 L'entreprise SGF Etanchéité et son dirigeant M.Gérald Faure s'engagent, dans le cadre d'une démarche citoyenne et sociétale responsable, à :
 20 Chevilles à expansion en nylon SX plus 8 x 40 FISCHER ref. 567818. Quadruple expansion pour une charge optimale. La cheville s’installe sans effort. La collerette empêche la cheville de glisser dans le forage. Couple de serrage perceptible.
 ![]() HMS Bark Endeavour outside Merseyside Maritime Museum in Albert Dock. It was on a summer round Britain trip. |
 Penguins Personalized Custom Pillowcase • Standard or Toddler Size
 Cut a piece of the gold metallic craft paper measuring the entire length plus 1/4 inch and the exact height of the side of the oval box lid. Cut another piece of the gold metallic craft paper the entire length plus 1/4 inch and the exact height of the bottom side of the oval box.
==
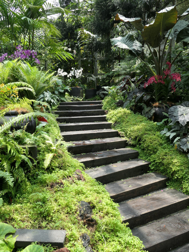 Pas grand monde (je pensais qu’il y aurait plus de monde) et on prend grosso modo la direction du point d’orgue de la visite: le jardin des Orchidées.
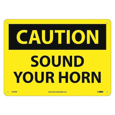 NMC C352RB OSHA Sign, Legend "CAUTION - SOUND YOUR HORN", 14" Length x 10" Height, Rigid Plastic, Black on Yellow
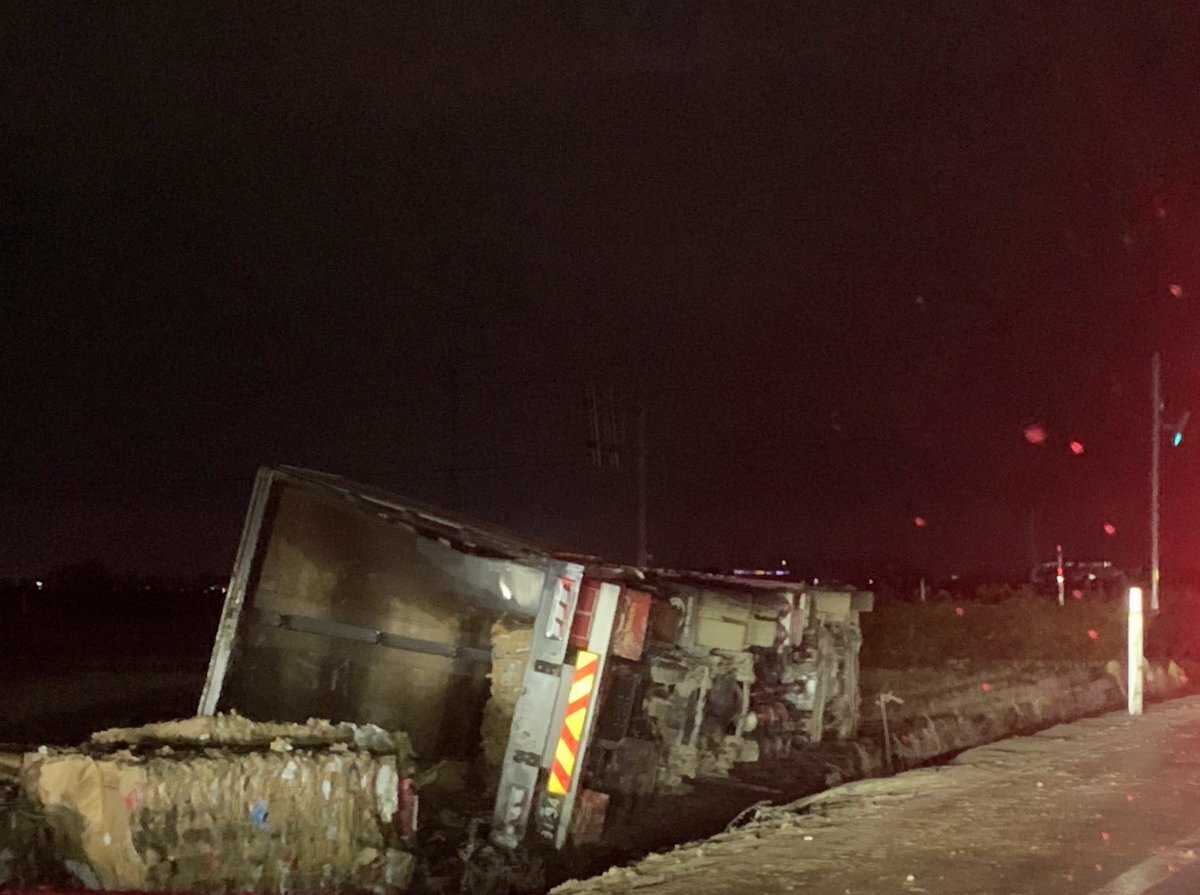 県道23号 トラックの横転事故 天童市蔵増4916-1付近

_Your assignment_
Output the lines above between the one holding "L'entreprise SGF Etanchéité" and the one holding "Cut a piece", inclusive, with nothing before or after them.

_Output below_
 L'entreprise SGF Etanchéité et son dirigeant M.Gérald Faure s'engagent, dans le cadre d'une démarche citoyenne et sociétale responsable, à :
 20 Chevilles à expansion en nylon SX plus 8 x 40 FISCHER ref. 567818. Quadruple expansion pour une charge optimale. La cheville s’installe sans effort. La collerette empêche la cheville de glisser dans le forage. Couple de serrage perceptible.
 ![]() HMS Bark Endeavour outside Merseyside Maritime Museum in Albert Dock. It was on a summer round Britain trip. |
 Penguins Personalized Custom Pillowcase • Standard or Toddler Size
 Cut a piece of the gold metallic craft paper measuring the entire length plus 1/4 inch and the exact height of the side of the oval box lid. Cut another piece of the gold metallic craft paper the entire length plus 1/4 inch and the exact height of the bottom side of the oval box.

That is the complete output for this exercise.